EXERCISE AIM: Pictures in the data should be dropped; transcribe exactly the lines from the one that has "The summer sun" through the one that has "Stylish unisex trucker".

MATERIAL PROVIDED:
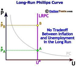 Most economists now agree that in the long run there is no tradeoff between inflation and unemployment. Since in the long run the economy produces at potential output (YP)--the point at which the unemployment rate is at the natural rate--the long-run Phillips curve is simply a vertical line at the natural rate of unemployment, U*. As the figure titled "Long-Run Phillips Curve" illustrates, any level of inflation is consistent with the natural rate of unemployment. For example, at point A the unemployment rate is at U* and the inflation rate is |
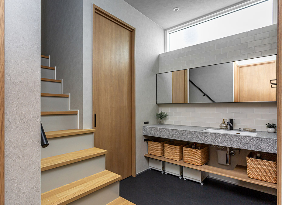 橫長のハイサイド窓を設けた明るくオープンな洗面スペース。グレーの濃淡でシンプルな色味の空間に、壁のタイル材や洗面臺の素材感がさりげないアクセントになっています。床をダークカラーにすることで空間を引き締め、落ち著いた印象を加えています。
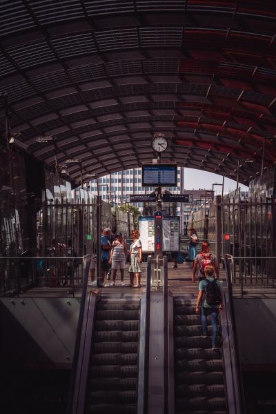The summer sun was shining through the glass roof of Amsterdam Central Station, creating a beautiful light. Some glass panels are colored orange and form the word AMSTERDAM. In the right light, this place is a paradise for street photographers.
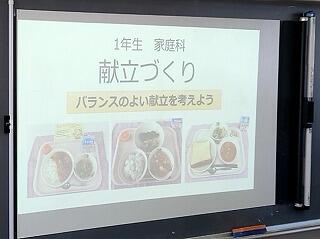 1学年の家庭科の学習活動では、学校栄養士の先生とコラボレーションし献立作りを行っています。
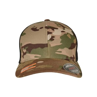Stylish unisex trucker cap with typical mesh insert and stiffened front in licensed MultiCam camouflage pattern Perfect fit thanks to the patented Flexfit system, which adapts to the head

---

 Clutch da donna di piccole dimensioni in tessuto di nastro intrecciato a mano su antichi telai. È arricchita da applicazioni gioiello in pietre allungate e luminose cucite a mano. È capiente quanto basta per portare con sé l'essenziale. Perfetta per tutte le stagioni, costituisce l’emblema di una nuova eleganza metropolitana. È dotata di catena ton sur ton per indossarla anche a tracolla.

---

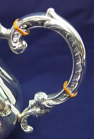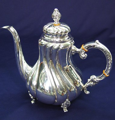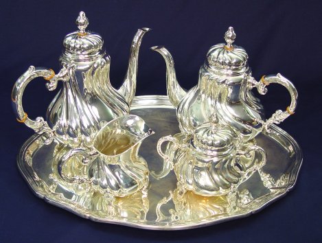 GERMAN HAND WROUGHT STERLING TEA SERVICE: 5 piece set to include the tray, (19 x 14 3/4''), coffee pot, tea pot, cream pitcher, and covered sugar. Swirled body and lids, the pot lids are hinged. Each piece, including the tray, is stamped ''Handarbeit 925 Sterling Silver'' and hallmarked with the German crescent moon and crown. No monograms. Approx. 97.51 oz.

TASK ANSWER:
The summer sun was shining through the glass roof of Amsterdam Central Station, creating a beautiful light. Some glass panels are colored orange and form the word AMSTERDAM. In the right light, this place is a paradise for street photographers.
 1学年の家庭科の学習活動では、学校栄養士の先生とコラボレーションし献立作りを行っています。
Stylish unisex trucker cap with typical mesh insert and stiffened front in licensed MultiCam camouflage pattern Perfect fit thanks to the patented Flexfit system, which adapts to the head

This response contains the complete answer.